It will be understood that, in a case where a layer or component is referred to as being on another layer or a substrate, the layer or element may be directly on the another layer or substrate, or there may be intermediate layer(s) between the layer or element and the another layer or substrate.

Exemplary embodiments are described herein with reference to sectional views and/or plan views as idealized exemplary drawings. In the accompanying drawings, thicknesses of layers and sizes of regions are enlarged for clarity. Variations in shapes relative to the accompanying drawings due to, for example, manufacturing technologies and/or tolerances may be envisaged. Therefore, the exemplary embodiments should not be construed to be limited to the shapes of regions shown herein, but to include deviations in the shapes due to, for example, manufacturing. For example, an etched region shown in a rectangular shape generally has a feature of being curved. Therefore, the regions shown in the accompanying drawings are schematic in nature, and their shapes are not intended to show actual shapes of the regions in an apparatus, and are not intended to limit the scope of the exemplary embodiments.

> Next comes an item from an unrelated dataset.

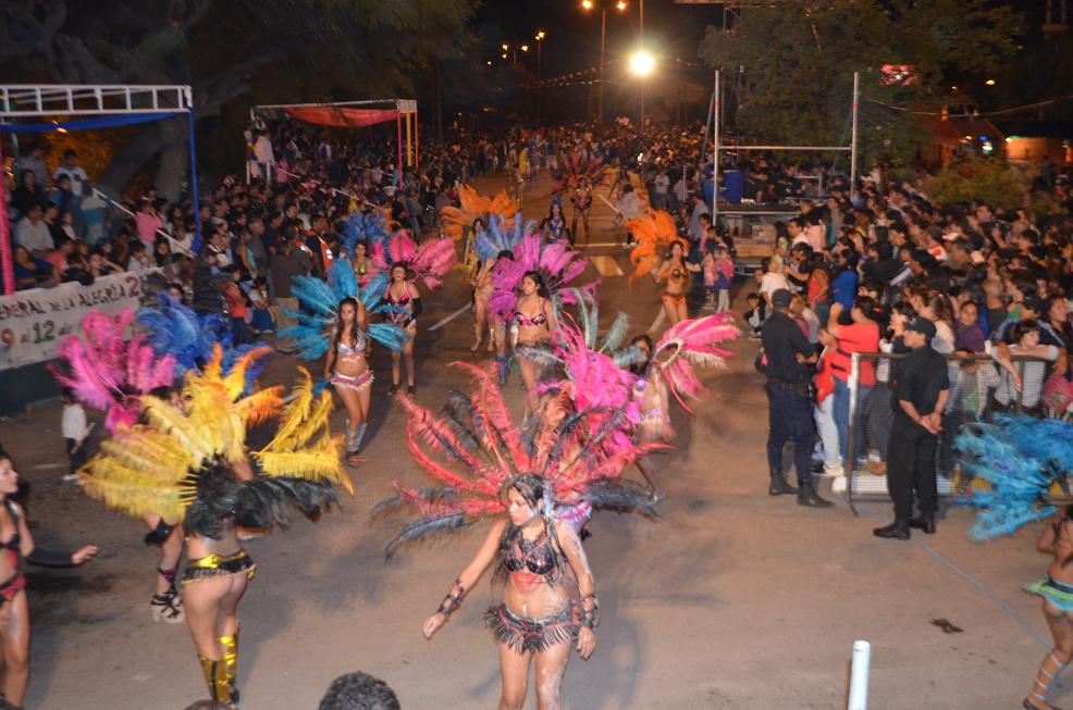 Previa a la actuación de Los Caligaris, sobre ruta Nacional 38 desfilaron más de 20 murgas provenientes de Valle Viejo, Capital, Fray Mamerto Esquiú y Capayán.

It has been known that for two media with different refractive indexes, when light is obliquely incident from one medium into another medium, the propagation direction of the light is generally changed. This phenomenon may be referred to as a refractive phenomenon. For example, in a case where the light enters a medium with a high refractive index from a medium with a low refractive index, an incident angle of the light is greater than an exit angle (also referred to as a refraction angle) of the light. For another example, in a case where the light enters a medium with a low refractive index from a medium with a high refractive index, an incident angle of the light is less than an exit angle (also referred to as a refraction angle) of the light. When the incident angle of the light is greater than or equal to a critical angle of total internal reflection, the light will be totally reflected on the surface of the medium with the low refractive index, that is, the light cannot enter the medium with the low refractive index, but is totally reflected back into the medium with the high refractive index.

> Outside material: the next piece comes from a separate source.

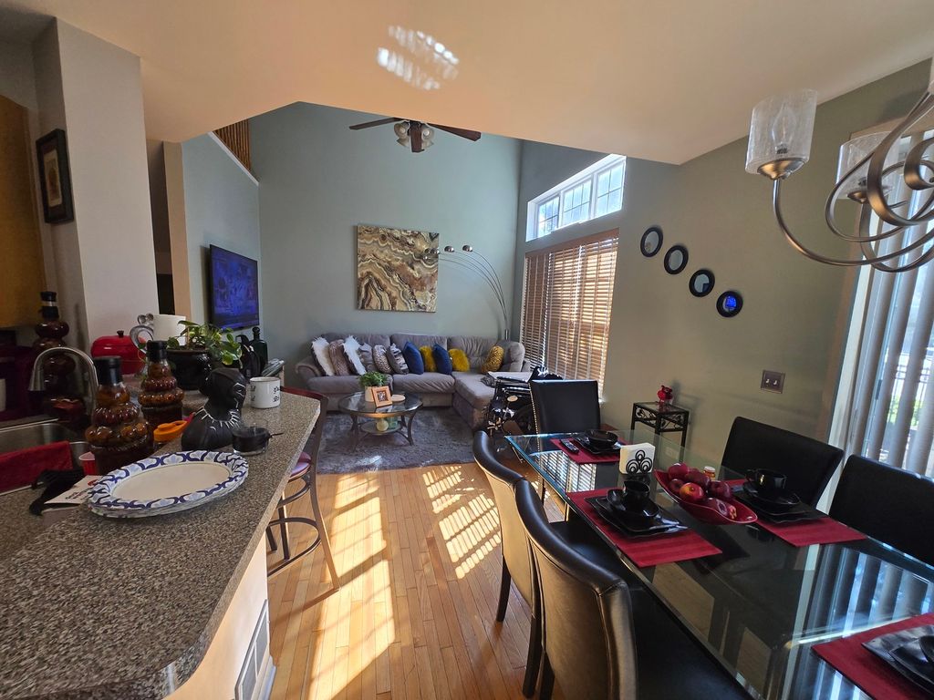 Welcome to this beautiful home featuring a bright, open floor plan. The dramatic two-story living room flows seamlessly into the modern kitchen, featuring a pantry, recessed lighting, and a ceramic tile floor. A sliding glass door opens to a concrete patio, perfect for outdoor enjoyment. Upstairs, a large loft area provides a flexible space for a home office or library. The spacious master bedroom includes a large walk-in closet and an en-suite bathroom with dual sinks, a separate shower, and a soaking tub.The finished lower level offers even more living space with a large family room. The seller is offering a $4000 credit for the buyer to purchase their own new kitchen appliances, washer, and dryer. This home is conveniently located close to Route 59, Fox Valley Mall, and I-88, with the Metra commuter train just minutes away.

For example, the two media with different refractive indexes are a first medium and a second medium. In a case where the light is emitted from the first medium to the second medium and refracted, if the refractive index of the first medium is n₁, the refractive index of the second medium is n₂, the incident angle is θ₁, and the refraction angle is θ₂, the parameters satisfy the following formula: sin θ₁·n₁=sin θ₂·n₂.

In the related art, referring to FIG. 1, light emitted by light emitting devices in an organic light emitting diode (OLED) display substrate sequentially passes through an encapsulation layer and a cover plate to enter air, so that the OLED display substrate can perform display.

It will be noted that a refractive index of the cover plate is greater than a refractive index of air. In light emitted by the light emitting devices and incident on an interface between the cover plate and the air, a part of the light having a relatively large incident angle (e.g., the incident angle is greater than or equal to a critical angle of total reflection at the interface between the cover plate and the air) will be totally reflected at the interface between the cover plate and the air, so that the part of the light emitted by the light emitting devices cannot exit into the air, and the total amount of the light emitted by the light emitting devices into the air is reduced. As a result, an overall light extraction efficiency of the display substrate may be reduced, and a display effect of the display device may be further affected.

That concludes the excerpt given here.